Optimizing Agent Workflows for Modern LLMs
Writing effective agent skills requires deep knowledge of prompt engineering. With the release of advanced reasoning models like Claude 3.5 Sonnet, ChatGPT o1, and DeepSeek-V3, prompt templates must focus on structured thinking. Developers are encouraged to use XML tags (e.g., <thought>, <context>, and <rules>) to isolate execution boundaries. Standardized prompts prevent agents from suffering from context drift, ensuring that long-running tasks remain aligned with the initial system parameters.

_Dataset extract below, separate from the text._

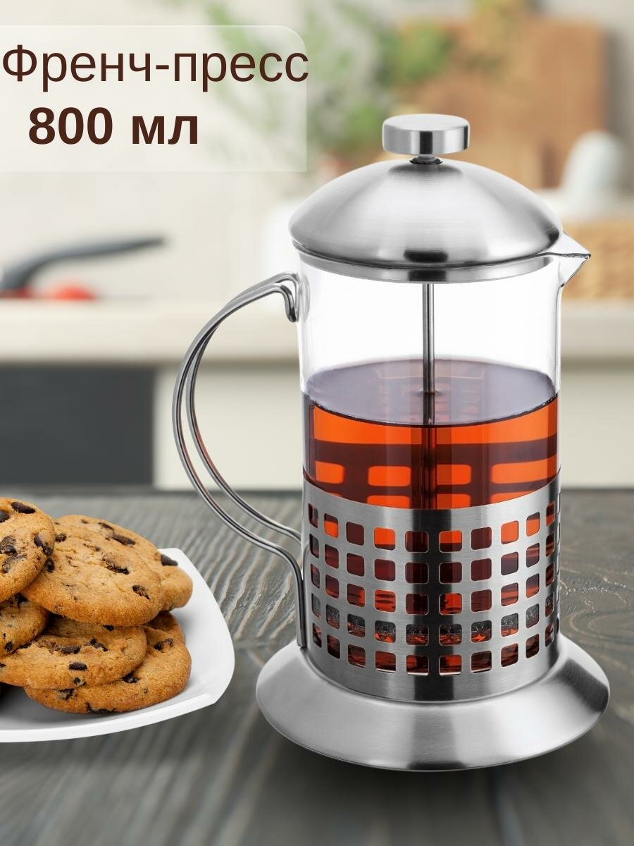 Стеклянный френч-пресс, объем 800 мл заварочный чайник со стеклянной колбой 1 438 ₽
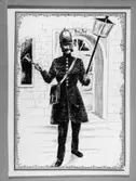Brevbärare fotograferad iklädd regnkrage. Bilden är införd i 1962 års beklädnadsreglemente. Regnkragen utgjore en skyddspersedel och tilldelades den uniformspliktiga tjänstemannen vid behov. Regnkragen är av plastbelagd bomullsväv.

Exploring by SOC Occupations and Creator Profiles
What makes SkillMD unique is its taxonomy. Instead of simple text search, we parse and organize files according to the Standard Occupational Classification (SOC) system. This means you can discover skills written for Computer and Mathematical roles, Business and Financial operations, Legal, Design, and and Educational Instruction fields. By tracking creator profiles, developers can study how different teams organize their custom instructions, compare version updates, and fork public configs for specialized enterprise use cases.
SkillMD operates as a high-performance index running on a fast Go backend and a highly responsive Astro SSR frontend. All search queries execute in milliseconds, featuring smart debouncing to prevent multiple API requests while keeping user data secure. Join our community of developers to standardize your AI agent instructions and optimize your LLM prompting workflows today.
Frequently Asked Questions
A practical guide to agent skills: what they are, how to inspect them, and how SkillMD helps you explore the ecosystem.